EXERCISE DESCRIPTION:
What you return must match, exactly, the lines running from the one containing "Włoska skórzana torebka" to the end of the data, both included, and must contain no pictures.

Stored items

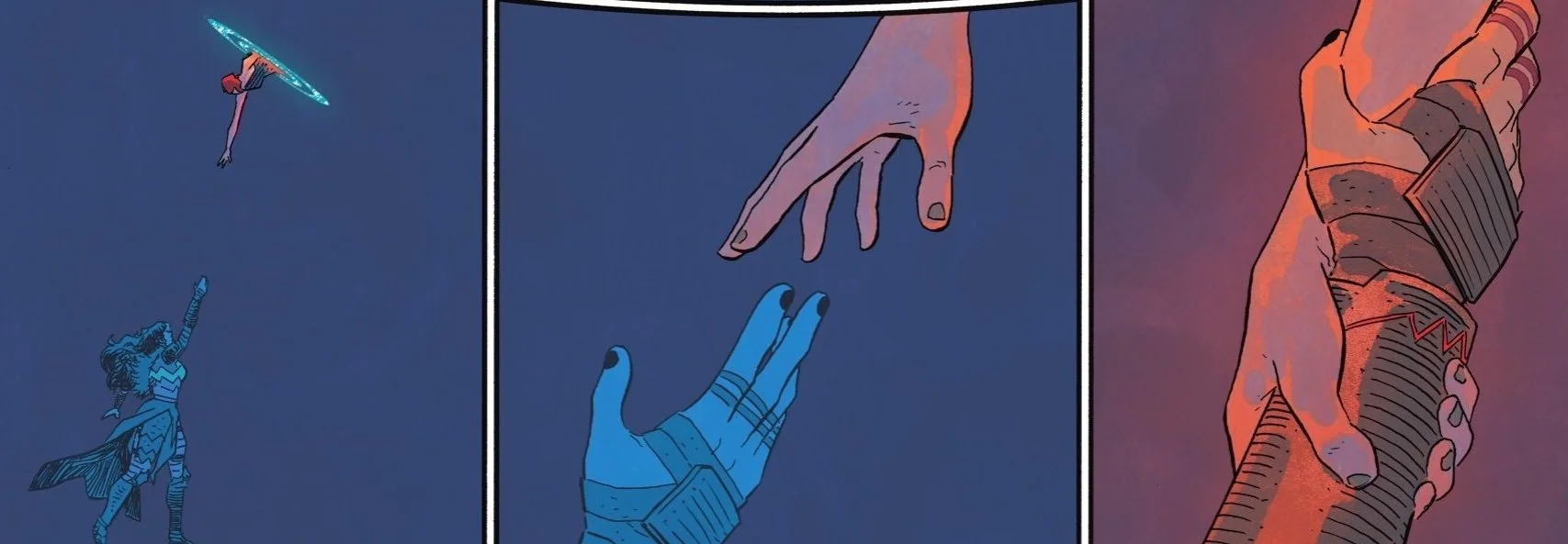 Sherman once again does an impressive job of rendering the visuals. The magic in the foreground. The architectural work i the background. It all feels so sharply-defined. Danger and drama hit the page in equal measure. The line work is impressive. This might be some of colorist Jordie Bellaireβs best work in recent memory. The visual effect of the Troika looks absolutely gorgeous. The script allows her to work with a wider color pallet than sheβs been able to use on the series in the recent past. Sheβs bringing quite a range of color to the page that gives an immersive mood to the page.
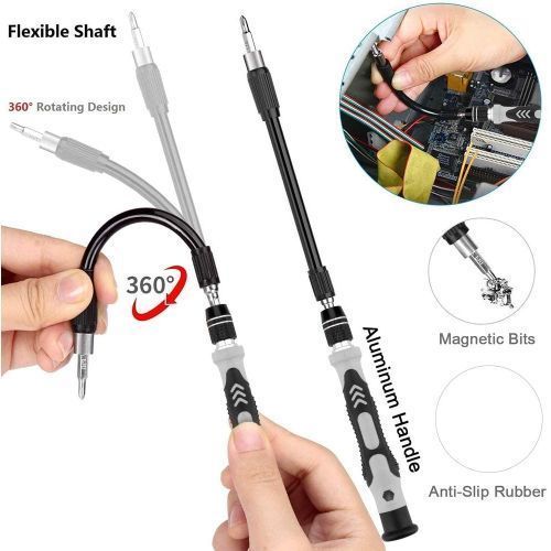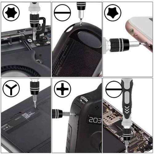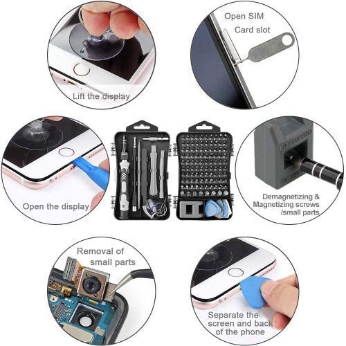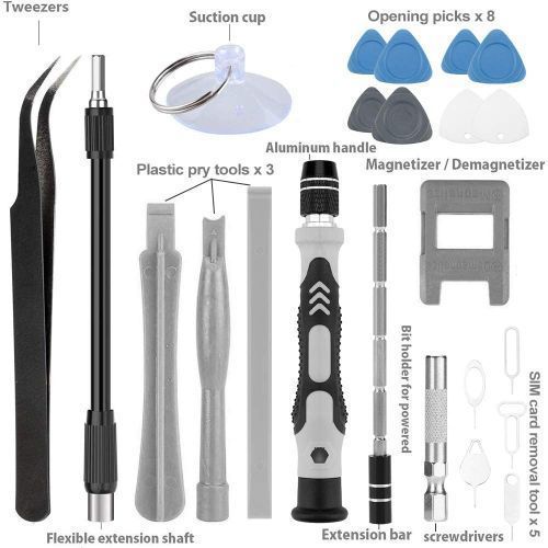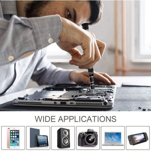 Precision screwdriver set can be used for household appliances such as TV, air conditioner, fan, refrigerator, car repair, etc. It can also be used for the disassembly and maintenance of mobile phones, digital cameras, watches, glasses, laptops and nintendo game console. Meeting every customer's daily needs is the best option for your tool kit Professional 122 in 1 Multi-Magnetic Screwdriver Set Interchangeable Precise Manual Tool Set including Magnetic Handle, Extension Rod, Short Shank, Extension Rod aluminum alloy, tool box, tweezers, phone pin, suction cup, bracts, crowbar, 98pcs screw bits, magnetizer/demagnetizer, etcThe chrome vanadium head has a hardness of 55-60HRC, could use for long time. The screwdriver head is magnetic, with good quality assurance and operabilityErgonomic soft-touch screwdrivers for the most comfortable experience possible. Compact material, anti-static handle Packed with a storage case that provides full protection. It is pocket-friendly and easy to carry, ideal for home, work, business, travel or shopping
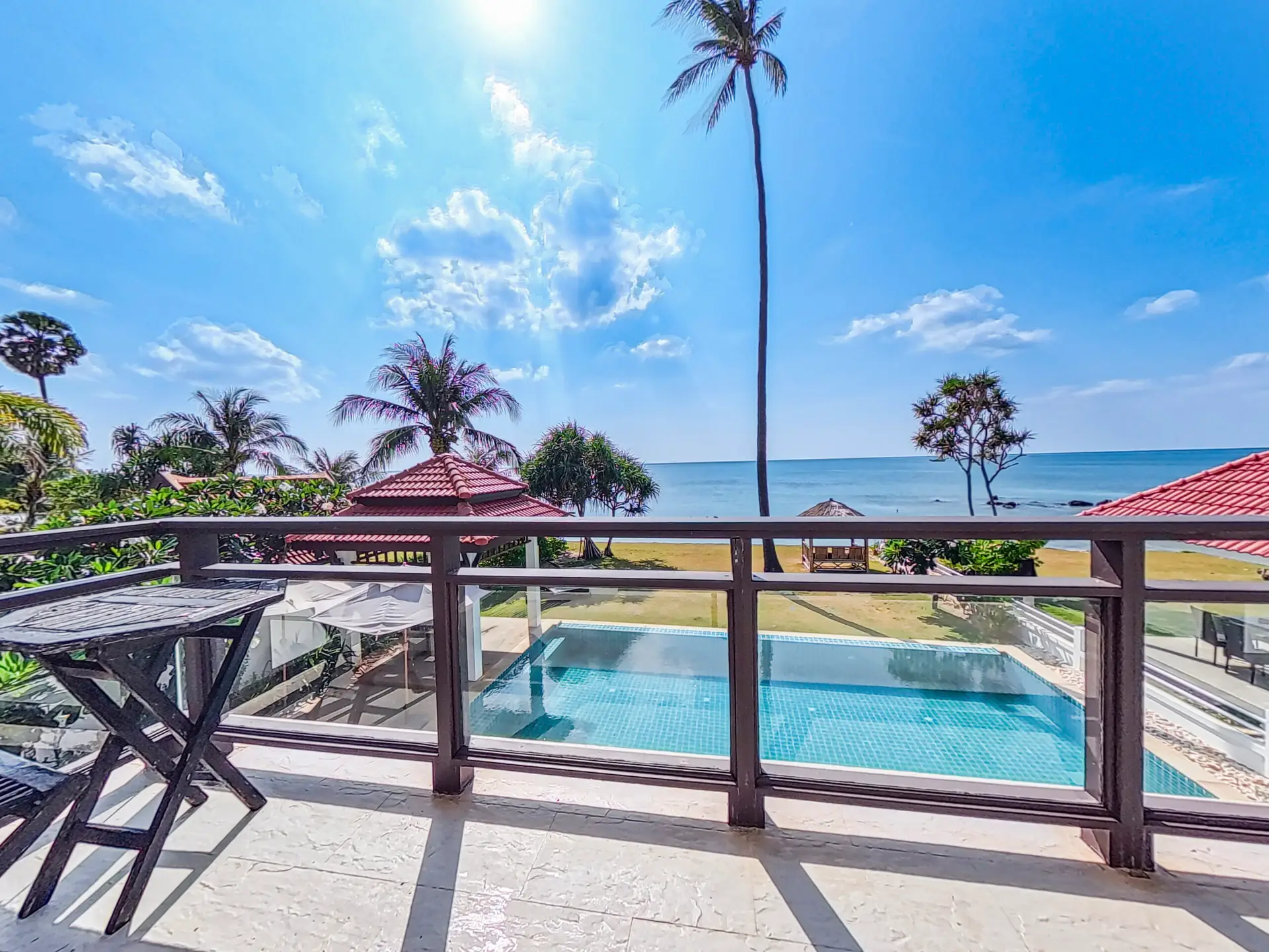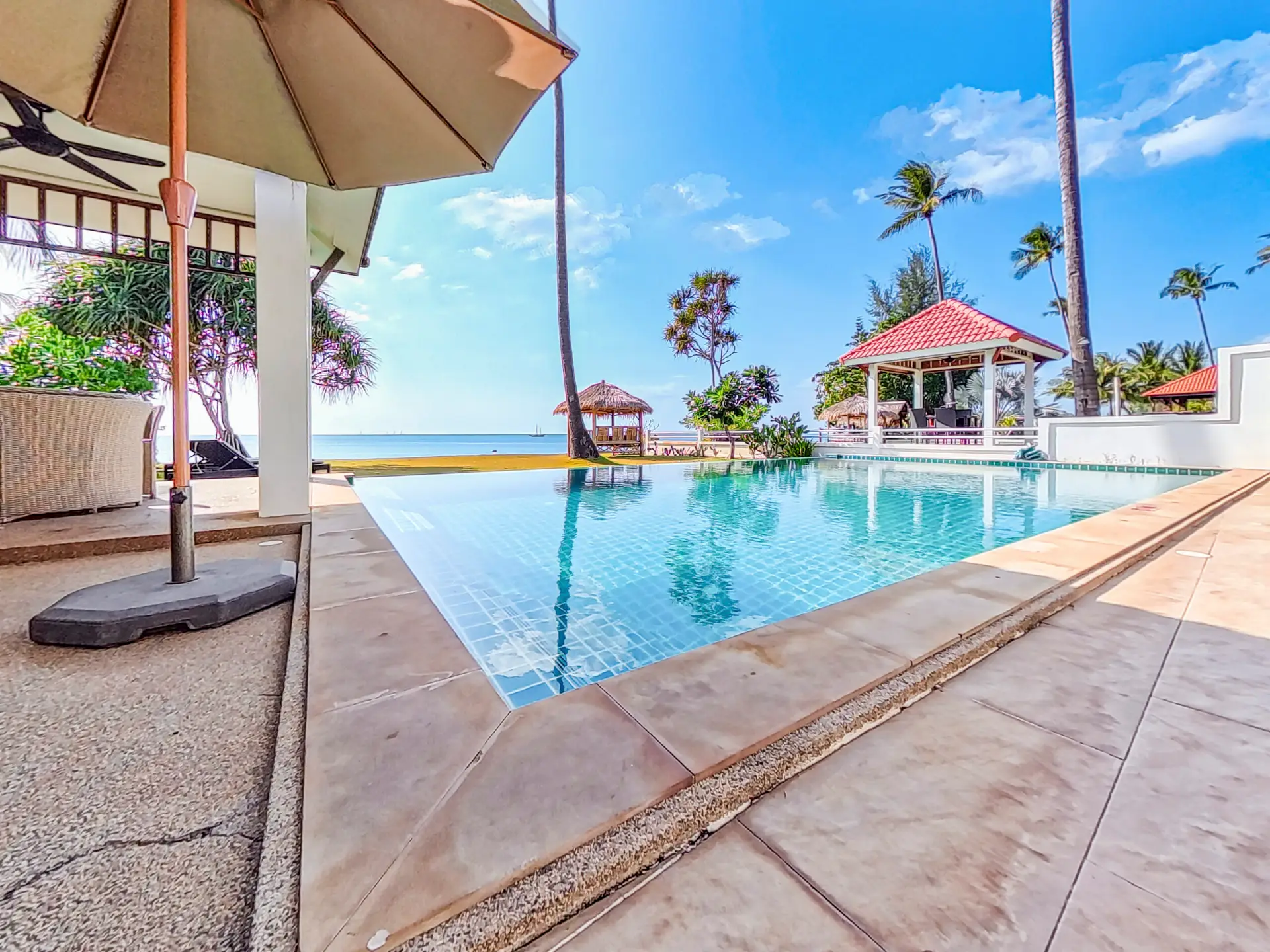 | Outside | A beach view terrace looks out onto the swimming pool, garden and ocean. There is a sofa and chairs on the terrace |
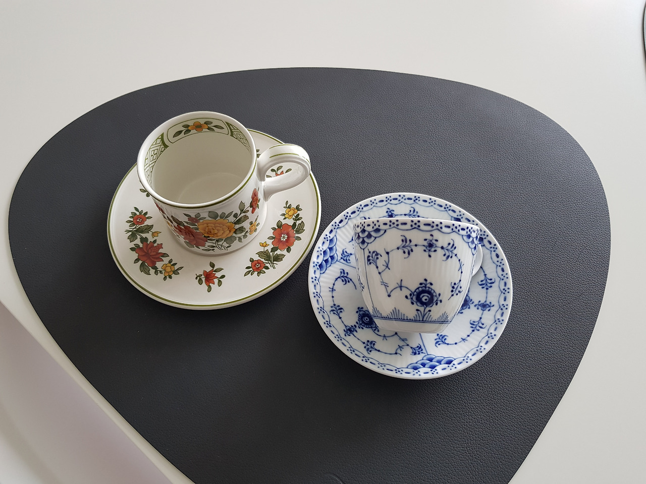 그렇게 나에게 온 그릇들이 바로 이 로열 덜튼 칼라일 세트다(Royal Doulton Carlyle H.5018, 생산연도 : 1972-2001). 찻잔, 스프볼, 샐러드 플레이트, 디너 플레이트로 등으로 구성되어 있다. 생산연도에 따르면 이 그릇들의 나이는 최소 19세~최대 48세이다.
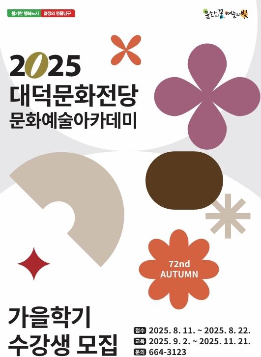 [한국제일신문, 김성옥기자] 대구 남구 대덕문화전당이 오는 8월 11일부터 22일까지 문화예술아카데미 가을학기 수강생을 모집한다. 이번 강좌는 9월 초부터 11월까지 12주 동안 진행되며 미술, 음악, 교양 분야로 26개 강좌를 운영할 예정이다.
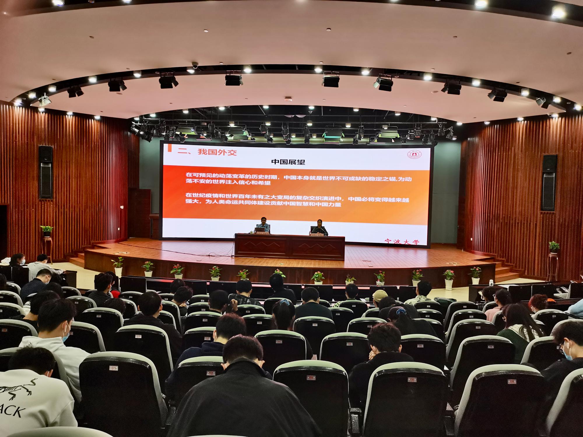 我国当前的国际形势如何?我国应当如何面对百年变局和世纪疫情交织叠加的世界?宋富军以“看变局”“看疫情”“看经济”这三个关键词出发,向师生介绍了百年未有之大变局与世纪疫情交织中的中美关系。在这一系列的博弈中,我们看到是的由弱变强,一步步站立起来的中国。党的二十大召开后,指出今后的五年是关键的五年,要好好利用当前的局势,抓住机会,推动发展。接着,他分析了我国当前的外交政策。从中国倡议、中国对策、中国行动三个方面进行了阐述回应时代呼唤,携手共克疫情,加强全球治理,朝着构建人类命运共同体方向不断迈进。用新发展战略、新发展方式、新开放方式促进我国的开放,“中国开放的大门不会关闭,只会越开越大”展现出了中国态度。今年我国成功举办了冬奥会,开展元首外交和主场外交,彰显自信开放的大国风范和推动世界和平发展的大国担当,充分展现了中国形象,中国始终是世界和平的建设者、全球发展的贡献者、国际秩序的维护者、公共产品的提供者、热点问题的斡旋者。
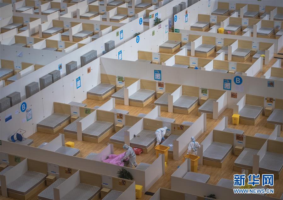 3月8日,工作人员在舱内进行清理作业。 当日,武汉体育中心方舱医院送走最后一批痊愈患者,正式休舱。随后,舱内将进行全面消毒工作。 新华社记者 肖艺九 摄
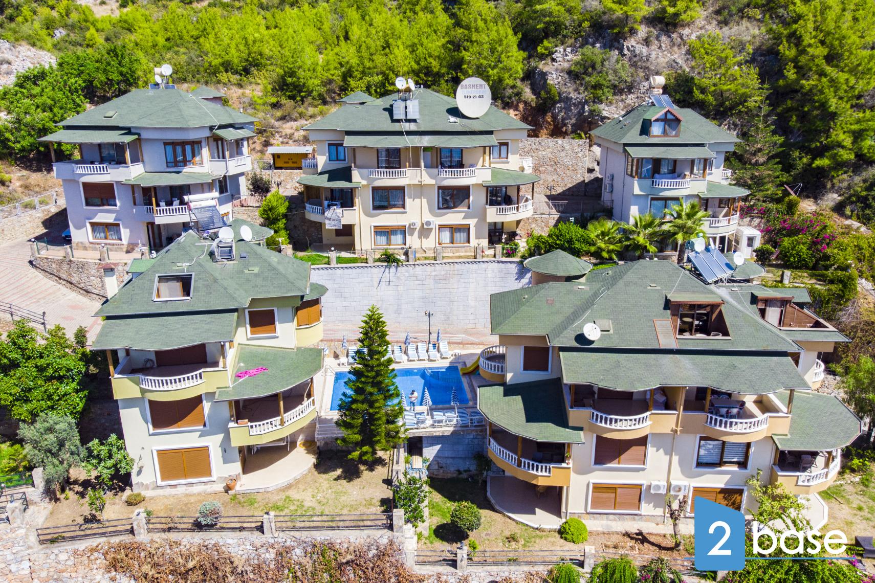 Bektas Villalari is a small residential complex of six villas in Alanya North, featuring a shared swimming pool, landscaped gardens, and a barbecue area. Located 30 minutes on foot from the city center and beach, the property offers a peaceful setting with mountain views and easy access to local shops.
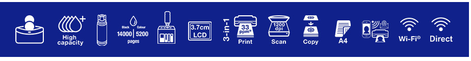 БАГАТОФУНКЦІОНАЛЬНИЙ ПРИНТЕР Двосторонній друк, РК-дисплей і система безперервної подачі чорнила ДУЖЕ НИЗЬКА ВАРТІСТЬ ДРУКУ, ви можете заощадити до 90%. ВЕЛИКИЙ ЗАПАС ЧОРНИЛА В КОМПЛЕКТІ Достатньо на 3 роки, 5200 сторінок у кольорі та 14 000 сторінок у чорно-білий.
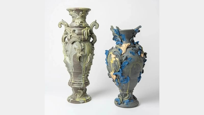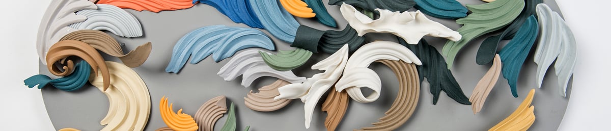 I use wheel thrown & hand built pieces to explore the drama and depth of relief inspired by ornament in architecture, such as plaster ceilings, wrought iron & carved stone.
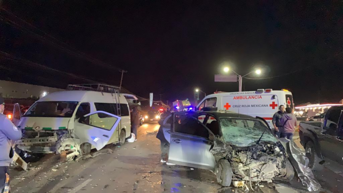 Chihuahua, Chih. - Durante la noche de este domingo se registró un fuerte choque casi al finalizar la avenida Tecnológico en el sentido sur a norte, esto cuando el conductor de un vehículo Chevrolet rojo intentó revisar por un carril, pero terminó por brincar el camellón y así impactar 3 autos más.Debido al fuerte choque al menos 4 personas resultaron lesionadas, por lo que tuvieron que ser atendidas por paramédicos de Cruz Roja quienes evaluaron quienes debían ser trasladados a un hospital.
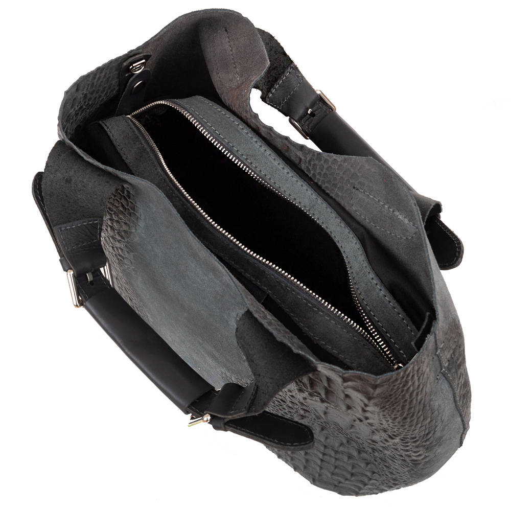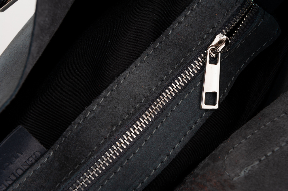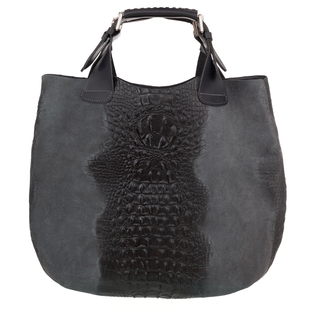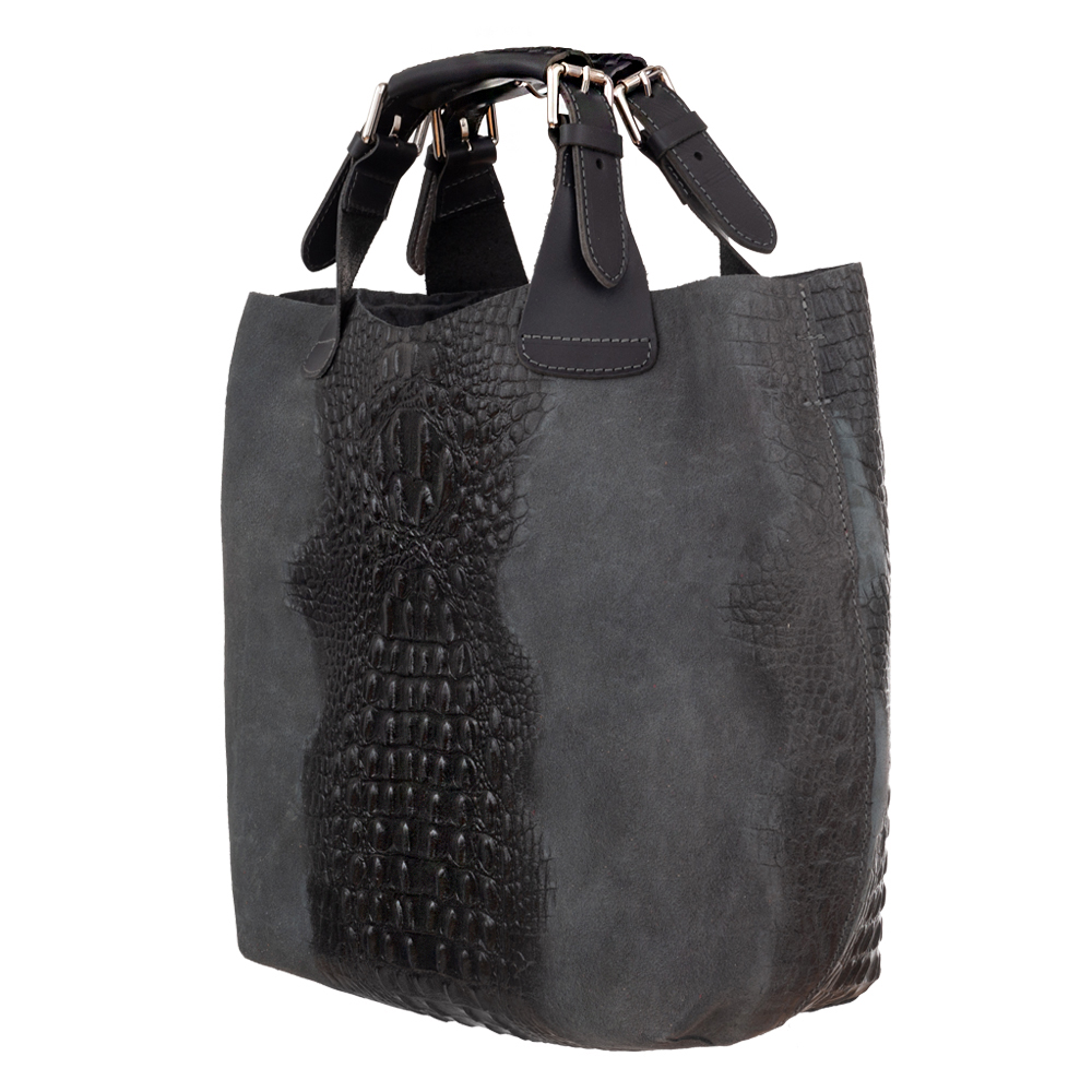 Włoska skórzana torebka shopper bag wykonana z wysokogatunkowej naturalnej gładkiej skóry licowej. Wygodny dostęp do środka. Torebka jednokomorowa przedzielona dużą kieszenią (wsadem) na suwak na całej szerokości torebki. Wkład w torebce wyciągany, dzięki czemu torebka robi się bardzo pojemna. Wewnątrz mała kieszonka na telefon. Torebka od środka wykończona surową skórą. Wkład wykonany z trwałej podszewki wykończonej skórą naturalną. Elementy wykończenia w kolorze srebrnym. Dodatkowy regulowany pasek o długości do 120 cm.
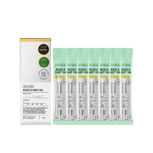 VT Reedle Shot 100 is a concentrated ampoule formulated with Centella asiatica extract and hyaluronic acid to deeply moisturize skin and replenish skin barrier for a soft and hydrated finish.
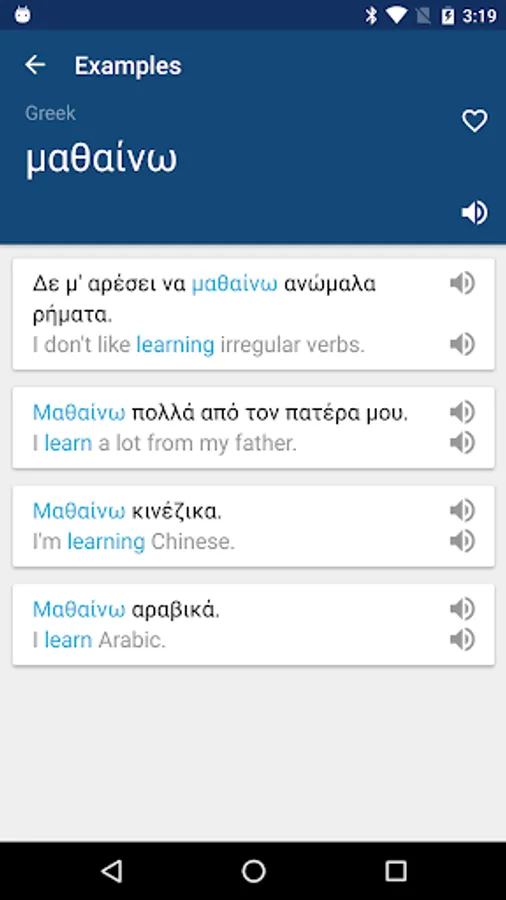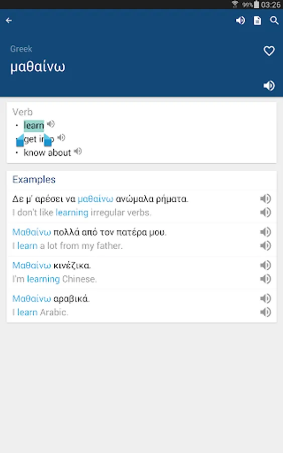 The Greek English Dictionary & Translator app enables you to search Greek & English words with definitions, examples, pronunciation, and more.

RESPONSE AREA:
 Włoska skórzana torebka shopper bag wykonana z wysokogatunkowej naturalnej gładkiej skóry licowej. Wygodny dostęp do środka. Torebka jednokomorowa przedzielona dużą kieszenią (wsadem) na suwak na całej szerokości torebki. Wkład w torebce wyciągany, dzięki czemu torebka robi się bardzo pojemna. Wewnątrz mała kieszonka na telefon. Torebka od środka wykończona surową skórą. Wkład wykonany z trwałej podszewki wykończonej skórą naturalną. Elementy wykończenia w kolorze srebrnym. Dodatkowy regulowany pasek o długości do 120 cm.
 VT Reedle Shot 100 is a concentrated ampoule formulated with Centella asiatica extract and hyaluronic acid to deeply moisturize skin and replenish skin barrier for a soft and hydrated finish.
 The Greek English Dictionary & Translator app enables you to search Greek & English words with definitions, examples, pronunciation, and more.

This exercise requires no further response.